Provide again, from the entries below, every line from the one containing "i-rocks K71M RGB" through the one containing "Jetties Beach Drawstring Barrel-Leg Jeans", exactly as written, and no other line.
-------- Data excerpts
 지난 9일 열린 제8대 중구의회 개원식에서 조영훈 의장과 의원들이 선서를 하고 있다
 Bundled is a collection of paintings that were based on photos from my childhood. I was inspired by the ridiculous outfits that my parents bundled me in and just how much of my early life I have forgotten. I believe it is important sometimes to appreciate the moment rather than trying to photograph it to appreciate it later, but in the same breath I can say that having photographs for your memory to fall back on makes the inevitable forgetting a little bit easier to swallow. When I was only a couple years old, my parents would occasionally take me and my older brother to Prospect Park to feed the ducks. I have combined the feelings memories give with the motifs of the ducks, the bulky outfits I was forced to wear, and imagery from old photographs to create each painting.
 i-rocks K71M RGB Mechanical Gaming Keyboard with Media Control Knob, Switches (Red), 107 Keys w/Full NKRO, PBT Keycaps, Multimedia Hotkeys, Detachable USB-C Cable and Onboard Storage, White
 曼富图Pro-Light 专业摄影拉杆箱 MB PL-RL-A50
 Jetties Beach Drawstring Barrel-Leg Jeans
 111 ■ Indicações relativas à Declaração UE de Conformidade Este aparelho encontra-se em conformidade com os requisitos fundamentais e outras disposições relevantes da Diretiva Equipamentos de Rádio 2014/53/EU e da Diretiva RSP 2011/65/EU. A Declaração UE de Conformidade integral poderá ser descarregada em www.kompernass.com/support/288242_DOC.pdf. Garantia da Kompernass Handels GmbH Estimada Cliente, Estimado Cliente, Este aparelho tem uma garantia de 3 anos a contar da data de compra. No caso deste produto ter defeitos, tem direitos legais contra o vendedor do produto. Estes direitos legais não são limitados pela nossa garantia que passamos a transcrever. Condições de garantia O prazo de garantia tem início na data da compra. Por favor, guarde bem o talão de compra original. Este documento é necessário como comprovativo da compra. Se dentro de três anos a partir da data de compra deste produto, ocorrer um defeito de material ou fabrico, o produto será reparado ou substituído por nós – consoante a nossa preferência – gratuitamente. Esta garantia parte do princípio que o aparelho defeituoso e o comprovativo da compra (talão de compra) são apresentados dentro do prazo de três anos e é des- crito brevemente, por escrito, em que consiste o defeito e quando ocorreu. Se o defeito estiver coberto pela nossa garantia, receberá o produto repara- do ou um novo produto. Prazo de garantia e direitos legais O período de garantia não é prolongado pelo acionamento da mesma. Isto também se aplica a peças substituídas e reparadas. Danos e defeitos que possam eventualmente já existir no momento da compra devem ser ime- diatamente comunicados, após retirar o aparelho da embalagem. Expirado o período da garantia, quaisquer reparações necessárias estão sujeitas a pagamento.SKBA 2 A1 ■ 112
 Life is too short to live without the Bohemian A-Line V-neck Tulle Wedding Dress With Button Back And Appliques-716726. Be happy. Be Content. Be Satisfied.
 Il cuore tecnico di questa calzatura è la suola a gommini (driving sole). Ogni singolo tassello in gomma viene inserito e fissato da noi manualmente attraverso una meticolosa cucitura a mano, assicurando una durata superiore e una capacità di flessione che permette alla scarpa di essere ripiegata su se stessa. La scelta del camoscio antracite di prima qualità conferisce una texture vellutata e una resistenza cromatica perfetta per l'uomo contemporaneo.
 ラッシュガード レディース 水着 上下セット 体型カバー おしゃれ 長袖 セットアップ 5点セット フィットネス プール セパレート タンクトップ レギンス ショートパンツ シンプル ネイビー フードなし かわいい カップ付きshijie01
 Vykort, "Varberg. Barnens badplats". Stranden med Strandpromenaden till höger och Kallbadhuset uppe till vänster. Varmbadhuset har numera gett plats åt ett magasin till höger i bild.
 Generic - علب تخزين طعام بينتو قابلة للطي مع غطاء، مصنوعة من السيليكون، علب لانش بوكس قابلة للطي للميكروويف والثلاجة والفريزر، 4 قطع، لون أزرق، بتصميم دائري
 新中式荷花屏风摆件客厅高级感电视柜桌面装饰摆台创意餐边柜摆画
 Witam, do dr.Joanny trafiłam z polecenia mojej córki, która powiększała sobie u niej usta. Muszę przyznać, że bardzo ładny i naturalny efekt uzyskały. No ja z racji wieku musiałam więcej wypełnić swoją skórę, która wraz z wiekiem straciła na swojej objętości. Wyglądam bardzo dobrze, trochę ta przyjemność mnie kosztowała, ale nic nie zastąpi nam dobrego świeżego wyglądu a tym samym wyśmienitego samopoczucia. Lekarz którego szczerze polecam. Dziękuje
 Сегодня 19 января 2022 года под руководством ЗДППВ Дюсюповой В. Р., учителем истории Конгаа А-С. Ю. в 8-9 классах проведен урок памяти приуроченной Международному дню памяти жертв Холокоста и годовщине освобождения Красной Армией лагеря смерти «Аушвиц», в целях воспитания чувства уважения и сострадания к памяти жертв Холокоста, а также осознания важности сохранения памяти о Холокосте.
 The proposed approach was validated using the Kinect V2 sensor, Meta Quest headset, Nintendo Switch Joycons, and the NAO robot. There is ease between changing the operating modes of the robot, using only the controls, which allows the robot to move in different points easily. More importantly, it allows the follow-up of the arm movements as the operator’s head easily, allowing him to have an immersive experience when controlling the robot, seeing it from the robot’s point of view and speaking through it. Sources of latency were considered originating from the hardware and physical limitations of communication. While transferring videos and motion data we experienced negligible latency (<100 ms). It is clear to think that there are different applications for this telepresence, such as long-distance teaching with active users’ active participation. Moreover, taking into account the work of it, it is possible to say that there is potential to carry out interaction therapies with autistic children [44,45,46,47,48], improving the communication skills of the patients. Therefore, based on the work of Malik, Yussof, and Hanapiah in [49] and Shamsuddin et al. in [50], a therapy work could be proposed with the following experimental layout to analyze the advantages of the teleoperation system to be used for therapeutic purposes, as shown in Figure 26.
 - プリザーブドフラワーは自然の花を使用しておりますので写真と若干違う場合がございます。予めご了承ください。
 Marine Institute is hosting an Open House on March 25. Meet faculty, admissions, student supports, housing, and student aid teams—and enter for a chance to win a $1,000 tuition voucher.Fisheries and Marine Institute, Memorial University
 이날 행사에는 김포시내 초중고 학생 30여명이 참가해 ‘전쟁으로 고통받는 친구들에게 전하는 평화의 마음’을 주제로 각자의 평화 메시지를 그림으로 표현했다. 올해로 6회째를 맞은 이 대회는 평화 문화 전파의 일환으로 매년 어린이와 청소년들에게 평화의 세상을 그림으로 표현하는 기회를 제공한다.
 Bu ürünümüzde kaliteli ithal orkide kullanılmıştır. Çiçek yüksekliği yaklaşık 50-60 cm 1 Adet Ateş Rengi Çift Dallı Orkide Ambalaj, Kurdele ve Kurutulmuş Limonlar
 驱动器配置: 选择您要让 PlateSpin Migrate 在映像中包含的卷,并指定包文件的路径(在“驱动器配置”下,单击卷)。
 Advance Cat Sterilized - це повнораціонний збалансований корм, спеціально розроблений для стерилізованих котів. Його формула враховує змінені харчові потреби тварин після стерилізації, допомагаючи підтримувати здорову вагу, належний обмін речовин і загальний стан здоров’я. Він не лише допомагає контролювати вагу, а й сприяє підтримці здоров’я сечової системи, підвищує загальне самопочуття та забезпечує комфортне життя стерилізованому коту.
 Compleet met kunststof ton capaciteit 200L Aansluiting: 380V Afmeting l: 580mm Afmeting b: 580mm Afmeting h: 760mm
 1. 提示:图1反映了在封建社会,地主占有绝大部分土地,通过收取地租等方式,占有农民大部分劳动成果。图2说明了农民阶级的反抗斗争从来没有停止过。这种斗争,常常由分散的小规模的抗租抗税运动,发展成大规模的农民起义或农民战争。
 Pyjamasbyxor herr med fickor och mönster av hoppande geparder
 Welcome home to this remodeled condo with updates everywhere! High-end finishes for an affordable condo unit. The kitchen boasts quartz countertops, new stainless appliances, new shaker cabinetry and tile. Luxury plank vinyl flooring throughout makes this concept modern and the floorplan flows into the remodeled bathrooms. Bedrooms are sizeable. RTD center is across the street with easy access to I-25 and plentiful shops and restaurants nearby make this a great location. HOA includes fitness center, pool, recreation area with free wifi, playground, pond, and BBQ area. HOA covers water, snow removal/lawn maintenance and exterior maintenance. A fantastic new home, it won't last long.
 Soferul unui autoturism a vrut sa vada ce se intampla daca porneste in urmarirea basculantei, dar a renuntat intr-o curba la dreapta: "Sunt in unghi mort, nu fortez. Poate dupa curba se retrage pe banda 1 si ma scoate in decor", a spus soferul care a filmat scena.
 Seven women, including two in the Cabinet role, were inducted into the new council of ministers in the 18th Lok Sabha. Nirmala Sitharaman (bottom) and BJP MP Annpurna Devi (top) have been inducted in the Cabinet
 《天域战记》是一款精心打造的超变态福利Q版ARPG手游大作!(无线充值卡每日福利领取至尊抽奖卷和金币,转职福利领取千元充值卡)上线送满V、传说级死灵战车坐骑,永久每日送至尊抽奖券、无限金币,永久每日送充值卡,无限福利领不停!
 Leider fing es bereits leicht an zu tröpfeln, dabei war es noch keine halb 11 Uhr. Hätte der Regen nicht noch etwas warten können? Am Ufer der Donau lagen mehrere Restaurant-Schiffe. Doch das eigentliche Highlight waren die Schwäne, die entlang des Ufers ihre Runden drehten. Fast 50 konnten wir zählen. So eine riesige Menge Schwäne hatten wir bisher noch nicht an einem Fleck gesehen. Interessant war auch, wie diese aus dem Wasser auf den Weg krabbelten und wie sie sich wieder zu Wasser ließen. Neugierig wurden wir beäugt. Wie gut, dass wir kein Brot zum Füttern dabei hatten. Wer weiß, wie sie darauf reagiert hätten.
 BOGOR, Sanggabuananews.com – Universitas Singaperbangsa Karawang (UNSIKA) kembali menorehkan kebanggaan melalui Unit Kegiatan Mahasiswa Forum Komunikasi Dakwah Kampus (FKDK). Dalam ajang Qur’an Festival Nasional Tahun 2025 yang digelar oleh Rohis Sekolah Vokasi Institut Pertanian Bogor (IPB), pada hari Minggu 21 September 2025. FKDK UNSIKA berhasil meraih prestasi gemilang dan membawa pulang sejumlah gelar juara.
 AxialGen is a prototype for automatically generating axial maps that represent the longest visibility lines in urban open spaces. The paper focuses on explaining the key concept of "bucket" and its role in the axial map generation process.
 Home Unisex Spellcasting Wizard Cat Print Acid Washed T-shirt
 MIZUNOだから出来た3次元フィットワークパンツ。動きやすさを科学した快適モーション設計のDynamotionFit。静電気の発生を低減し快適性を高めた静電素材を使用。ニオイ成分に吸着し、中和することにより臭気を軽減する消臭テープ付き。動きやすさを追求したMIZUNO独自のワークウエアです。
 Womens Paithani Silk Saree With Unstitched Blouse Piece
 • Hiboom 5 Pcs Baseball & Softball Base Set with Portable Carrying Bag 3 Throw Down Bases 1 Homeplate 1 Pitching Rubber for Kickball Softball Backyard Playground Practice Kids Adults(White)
----------------
• [Your response]
 i-rocks K71M RGB Mechanical Gaming Keyboard with Media Control Knob, Switches (Red), 107 Keys w/Full NKRO, PBT Keycaps, Multimedia Hotkeys, Detachable USB-C Cable and Onboard Storage, White
 曼富图Pro-Light 专业摄影拉杆箱 MB PL-RL-A50
 Jetties Beach Drawstring Barrel-Leg Jeans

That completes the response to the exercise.